Silicon Software FPGA Frame Grabber – Deep Learning High Performance Solution


Deep learning has proven to be a successful solution in many applications when environmental parameters become variable or algorithms become complex. For use in production, there is now a solution that can handle bandwidths in excess of 200 MB/s. In keeping with the requirements for high computing power, the microEnable 5 marathon deepVCL was specially developed, on which larger neural networks can be calculated without delay using a more powerful FPGA. 


microEnable 5 marathon deep VCL with CNN runtime licence for VisualApplets


The deepVCL is a Camera Link frame grabber of the programmable marathon V-series. With an input bandwidth of up to 850 MB/s, support for all Camera Link formats and the PCI Express x4 bus interface, it can be used for all industrial applications. The integrated FPGA is characterized by high parallelism of processing, low heat output, deterministic latencies and long market availability.
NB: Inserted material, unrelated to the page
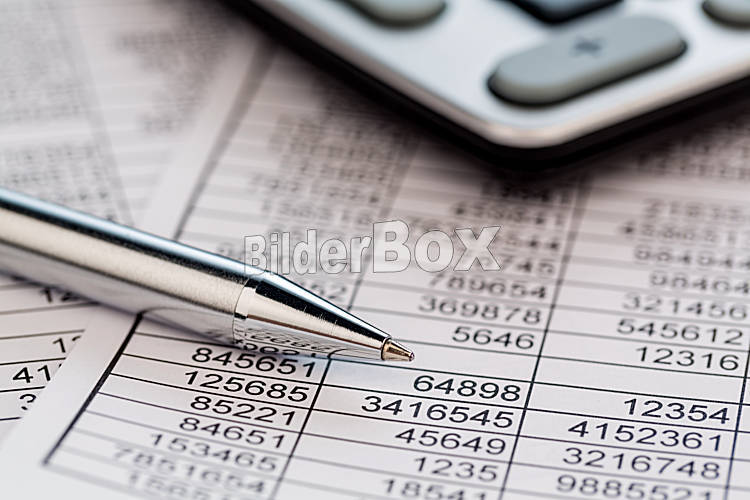 Beschreibung Ein Taschenrechner liegt auf den Zahlen einer Bilanz uns Statistik. Symbolphoto für Umsatz, Gewinn und Kosten.

The deep VCL board offers high speeds and bandwidths coupled with a high prediction accuracy of results above 98%. It already comes with a CNN runtime license for VisualApplets and offers a cheaper, more energy efficient and faster overall solution than a comparable with an industrial GPU.
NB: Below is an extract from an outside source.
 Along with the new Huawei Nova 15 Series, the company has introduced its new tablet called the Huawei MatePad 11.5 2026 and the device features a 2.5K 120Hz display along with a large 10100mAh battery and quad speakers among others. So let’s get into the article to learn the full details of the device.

Full Service and Implementation Service

With VisualApplets, suitable network architectures can be integrated and pre-trained configuration parameters for the weights of the networks can be loaded

Deep Learning solutions on the deepVCL frame grabber are now offered exclusively as a service by us.
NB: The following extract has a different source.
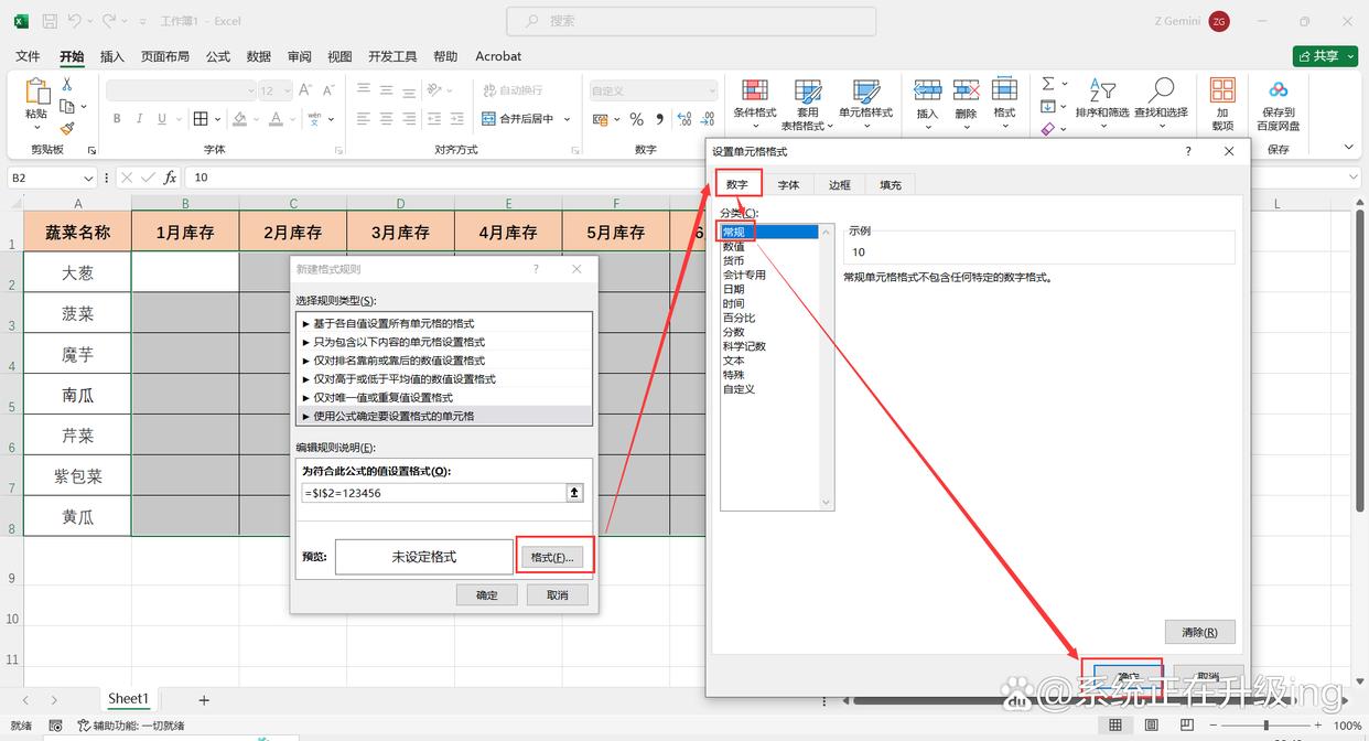 4、在“新建格式规则”对话框中,设置参数①②,然后点击【格式】,弹出“设置单元格格式”对话框。

  • Due to the high number of requests we already offer services as full development or implementation support. An extension of VisualApplets for self-programming is planned and will appear at a later date.


  • Using graphical FPGA programming with VisualApplets, suitable network architectures of different sizes and complexity can be integrated and pre-trained configuration parameters for the weights of the networks can be loaded for a variety of image processing applications.



Two service packages are available for implementing a customer-specific deep learning application.


  • With the full service package, all tasks are taken over by us: Setup and training of the network based on the images supplied and classified by the customer as well as the FPGA implementation.


  • For experienced users we offer the implementation service: If users have already set up a network and trained it, we transfer and implement it together with the weights (parameters) on the frame grabber FPGA. In both cases, the delivery is tested and documented by us for the desired bandwidth and accuracy.

Two service packages for the implementation of customer-specific deep learning applications



High speeds and bandwidths paired with a high prediction accuracy of the results

In the decentralized computing approach of Industry 4.0 there is a need for embedded vision with Deep Learning.


  • Since FPGAs are up to ten times more energy efficient than GPUs, CNN-based applications can be implemented particularly well on embedded and mobile systems with the necessary low thermal output.


  • CNNs run on frame grabber FPGAs, but also on VisualApplets compatible cameras and vision sensors.